Respiratory Flashcards
What is COPD?
Progressively worsening, irreversible airflow obstruction
Types of respiratory failure and pathophysiology?
Type 1 = fibrosis related causes, lung fails to fill properly which results in ↓PaO2, ↓PaCO2 Type 2 = obstructive causes. Lung fails to remove CO2 properly which results in ↓PaO2 + ↑PaCO2.
Conditions that cause type 2 respiratory failure?
Asthma and COPD
Treatment for type one respiratory failure?
CPAP - continuous positive airway pressure
Treatment for type 2 respiratory failure?
BIPAP - bi positive airway pressure
Types of COPD?
Chronic Bronchitis Emphysema A1AT deficiency
Risk factors for COPD?
Cigarettes Air pollution Genetics (A1AT deficiency = auto recessive) Older males
Pathophysiology of chronic bronchitis?
- Hypertrophy + hyperplasia of mucous glands (mucous is protective against damage) - Chronic inflammation cells infiltrate bronchi and bronchioles - This causes: - mucus hypersecretion - ciliary dysfunction - narrowed lumen (thus increased infection risk + airway trapping)
Typical presentation of chronic bronchitis?
Chronic purulent cough, dysponea for 3+months, over 2 years with sputum “blue bloater” (blue tint of skin and lips due to cyanosis and typically overweight- not a respectful term to use nowadays)
Pathophysiology of Emphysema?
Destruction of elastin layer in alveolar ducts/alveolar sacs/respiratory bronchioles - elastin keeps walls open during expiration (bernouli principle) - decreased elastin = air trapping distal to blockage
Types of Emphysema?
Centriacinar Emphysema Panacinar Emphysema Distal Acinar Irregular Emphysema
Most common type of Emphysema?
Centracinar emphysema very common in smokers
Most severe type of emphysema?
Panacinar emphysema caused by A1AT deficiency
What area of the lungs does centriacinar emphysema effect?
Respiratory bronchioles only
What area of the lungs does Panacinar emphysema effect?
respiratory bronchioles - alveolar ducts - alveolar sacs - alveoli
Pathophysiology of A1AT deficiency?
A1 antitrypsin degrades NE (neutrophil elastase) which protects excess damage to elastin layer especially in lungs - Deficiency (decreased liver production) = ↑NE = panacinar emphysema and liver issues
What is A1AT deficiency caused by?
Autosomal codominant inheritance
Typical patient presentation to suspect A1At deficiency in?

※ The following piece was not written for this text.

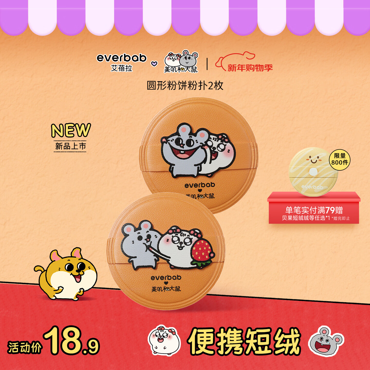 everbab艾蓓拉圆形短绒粉饼定妆粉扑美妆蛋美叽和大鼠联名款(两只装)

Younger/middle aged men with COPD symptoms but no smoking history
Symptoms of COPD?
Typically: - older patient - chronic cough - with (often) purulent (infectious) sputum - extensive smoking history (exception A1AT) - constant dyspnoea (not episodic)
Presentation of a pink puffer?
Minimal cough - Pursed lip breathing - Cachectic (muscle wastage) - Barrel Chest - Hyperesonant percussion
Complication of pink puffer patients?
Bullae rupture - if subpleural = pneumothorax
Do patients present with only blue bloater or pink puffer?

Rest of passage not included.